On 07/22/2016 01:38 PM, William A Rowe Jr wrote:
RFC 7231 § 7.1.1
RFC 7232 § 2.2

Okay, at least we're looking at the same sections then. But I'm not finding support for your statement that we must replace completely unintelligible Last-Modified values with current timestamps. The closest I found was this:

   An origin server with a clock MUST NOT send a Last-Modified date that
   is later than the server's time of message origination (Date).  If
   the last modification time is derived from implementation-specific
   metadata that evaluates to some time in the future, according to the
   origin server's clock, then the origin server MUST replace that value
   with the message origination date.

which does not apply to completely invalid data, just future timestamp metadata. A "Last-Modified: complete-junk" header coming from a CGI implementation is not a "future" timestamp; it's complete junk, and IMO we should not promote it to *any* authoritative value. We should treat it as if no Last-Modified header was sent at all.

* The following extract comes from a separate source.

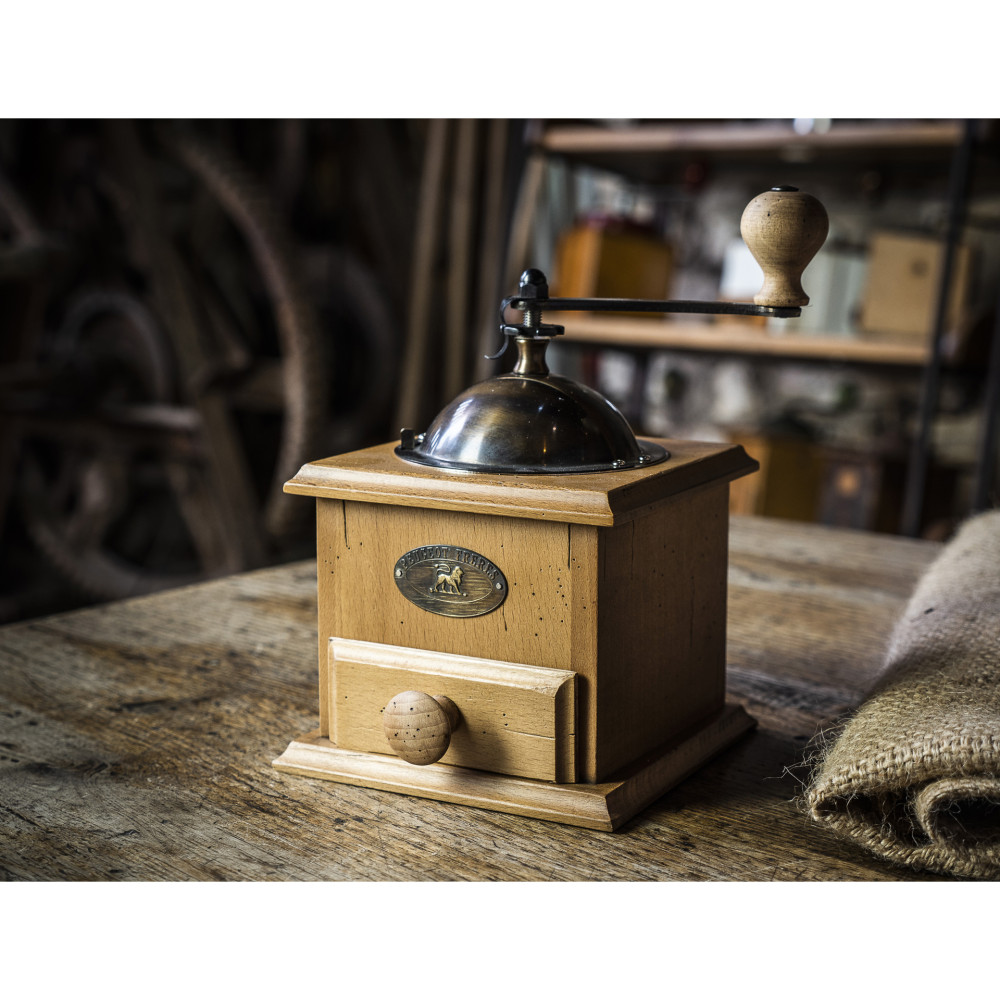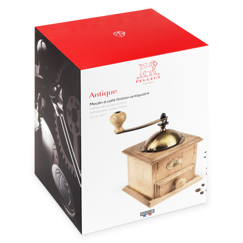 Drewniana, sześcienna obudowa wykonana z drewna bukowego, jest niezwykle stabilna i wygodna podczas mielenia. Zamykany zbiornik na kawę w górnej części młynka, wykonany jest ze stali nierdzewnej. Jego wykończenie w kolorze starego złota nadaje młynkowi elegancji i podkreśla jego antyczny design. Napełnianie młynka ziarnami kawy jest niezwykle wygodne i łatwe, a zasuwka zabezpiecza przed wypadaniem ziaren kawy podczas mielenia. Stalowa korba służąca do napędzania młynka jest w doskonałych proporcjach, a jej obłe, duże i efektowne zakończenie z drewna bukowego sprawia, że wygodnie się ją trzyma i wprowadza w ruch. Szufladka umożliwia zbieranie świeżo zmielonej kawy. Jej otwieranie i zamykanie są łatwe i płynne. Drewniany uchwyt oraz emblemat z symbolem Lwa – znakiem firmowym marki Peugeot - nadaje całości szyku i wysublimowania. Regulacja stopnia mielenia (mniej lub bardziej drobnego w zależności od pożądanego rodzaju kawy) odbywa się za pomocą pokrętła znajdującego się pod korbką. Każdy młynek Paris Antique jest wykańczany ręcznie z największą starannością i dbałością o niuanse. Dodawanie im cech dawności czyni tą kolekcję wyjątkową. Młynki z antycznym wykończeniem sprawą przyjemność kolekcjonerom i miłośnikom zabytkowych przedmiotów

Also, since we're talking about CGI here (which IIUC is an implementation detail as far as HTTP is concerned), 7.1.1.1 has this to say:

      Note: HTTP requirements for the date/time stamp format apply only
      to their usage within the protocol stream.  Implementations are
      not required to use these formats for user presentation, request
      logging, etc.

CGI communication is not part of the protocol stream. As long as we don't run afoul of any CGI-related RFCs that lock us into a specific interpretation of junk header data, 723x appears (to me) to have no prohibition on fixing up or removing bad HTTP-dates coming from an internal CGI backend. It's up to us to determine what is most correct/useful behavior. (The situation might be different if we were talking about a cache or a proxy, but we're not.)

Am I missing any relevant sections here?